Jan. 27: Invited Speaker Katie Keith to Present on Proximal Causal Inference with Text Data

Proximal Causal Inference with Text Data

Abstract

Causal inference underlies many important policy decisions and interventions. For example, clinicians must decide how to prescribe medications to patients, central bank committees must decide how to change interest rates, and online platform administrators must decide how to moderate users. In the absence of a randomized controlled trial, one can turn to observational (non-experimental) data to estimate causal effects. In this setting, a primary obstacle to unbiased causal effect estimation is confounding variables, variables that affect both the treatment (e.g., which medication) and the outcome (e.g., an aspect of patient health). In many applications, a rich, unstructured source of confounding variables is text data: notes from electronic health records (EHRs) detail patients’ personal and medical histories, newspaper articles document national and international events, and online platforms host exchanges of users’ written opinions. By expanding observational causal estimation methods that can incorporate natural language processing (NLP) and text data, analysts may be able to make inferences in a wider range of settings.

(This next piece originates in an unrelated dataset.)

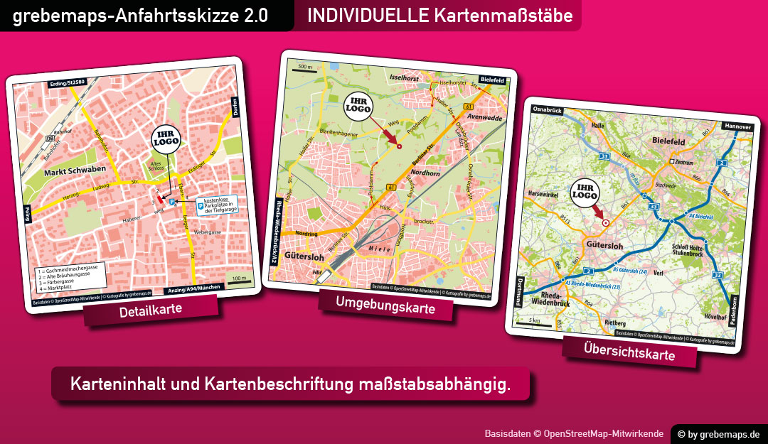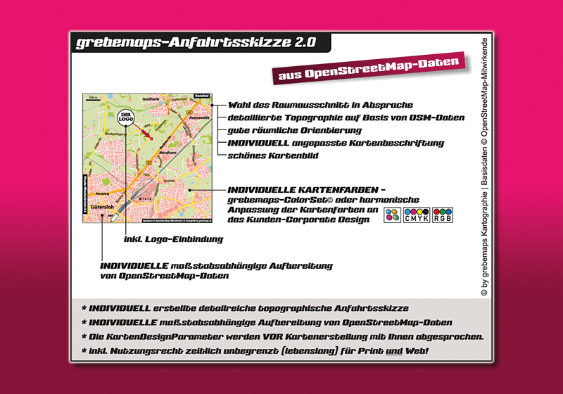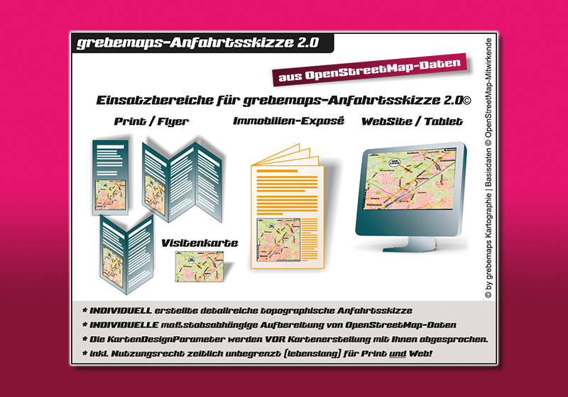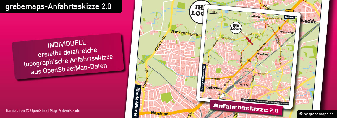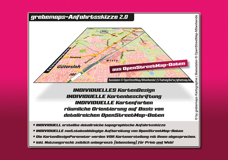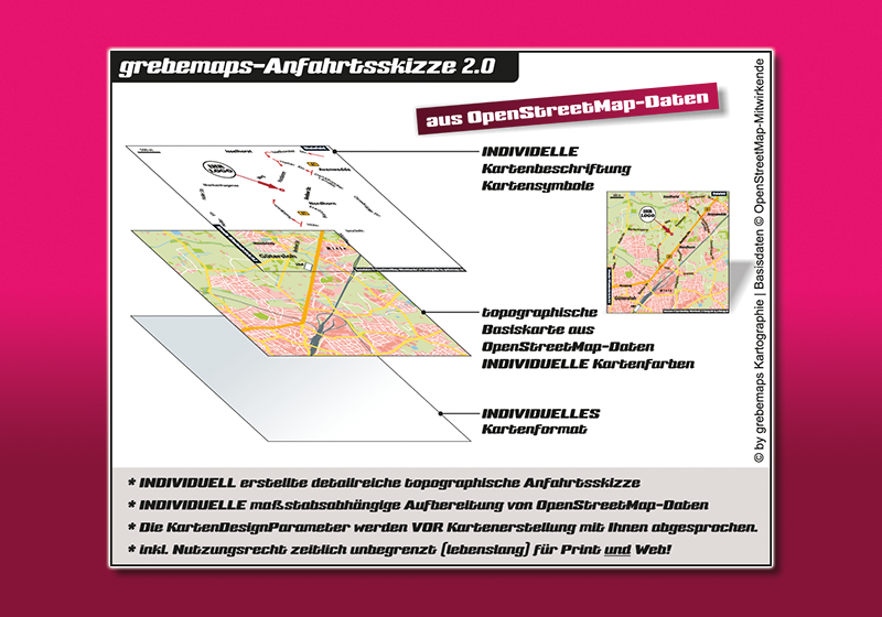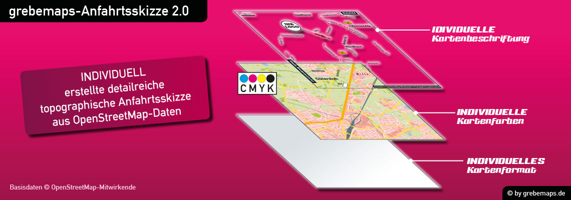 Die „grebemaps-Anfahrtsskizze 2.0©“-Inhalte werden INDIVIDUELL abgestimmt auf Ihre Zwecke und Ihren Bedarf sowie auf Ihr Corporate Design. Ihre Wünsche zur Anfahrtsskizze können Sie mit Diplom-Geograph und Kartograph Ulrich Grebe VOR der Anfahrtsskizzen-Erstellung besprechen. So erhalten Sie eine zweckvolle topographische Anfahrtsskizze, basierend auf kostenlosen OpenStreetMap-Daten.

Recent text-based causal methods attempt to mitigate confounding bias by estimating proxies of confounding variables that are partially or imperfectly measured from unstructured text data. These approaches, however, assume analysts have supervised labels of the confounders given text for a subset of instances, a constraint that is sometimes infeasible due to data privacy or annotation costs. In this work, we address settings in which an important confounding variable is completely unobserved. We propose a new causal inference method that uses two instances of pre-treatment text data, infers two proxies using two zero-shot models on the separate instances, and applies these proxies in the proximal g-formula. We prove, under certain assumptions about the instances of text and accuracy of the zero-shot predictions, that our method of inferring text-based proxies satisfies identification conditions of the proximal g-formula while other seemingly reasonable proposals do not. To address untestable assumptions associated with our method and the proximal g-formula, we further propose an odds ratio falsification heuristic that flags when to proceed with downstream effect estimation using the inferred proxies. We evaluate our method in synthetic and semi-synthetic settings—the latter with real-world clinical notes from MIMIC-III and open large language models for zero-shot prediction—and find that our method produces estimates with low bias. We believe that this text-based design of proxies allows for the use of proximal causal inference in a wider range of scenarios, particularly those for which obtaining suitable proxies from structured data is difficult.

Biography

Katherine (Katie) Keith is currently an Assistant Professor in the Computer Science department at Williams College in Massachusetts. Her research interests are at the intersection of natural language processing, causal inference, and computational social science. Previously, she was a Postdoctoral Young Investigator at the Allen Institute for Artificial Intelligence, and she graduated with a PhD from the Manning College of Information and Computer Sciences at the University of Massachusetts Amherst. She has been a co-organizer of the First Workshop on Causal Inference and NLP, co-organizer of the NLP+CSS Workshops at EMNLP at NAACL, and was a recipient of a Bloomberg Data Science PhD fellowship.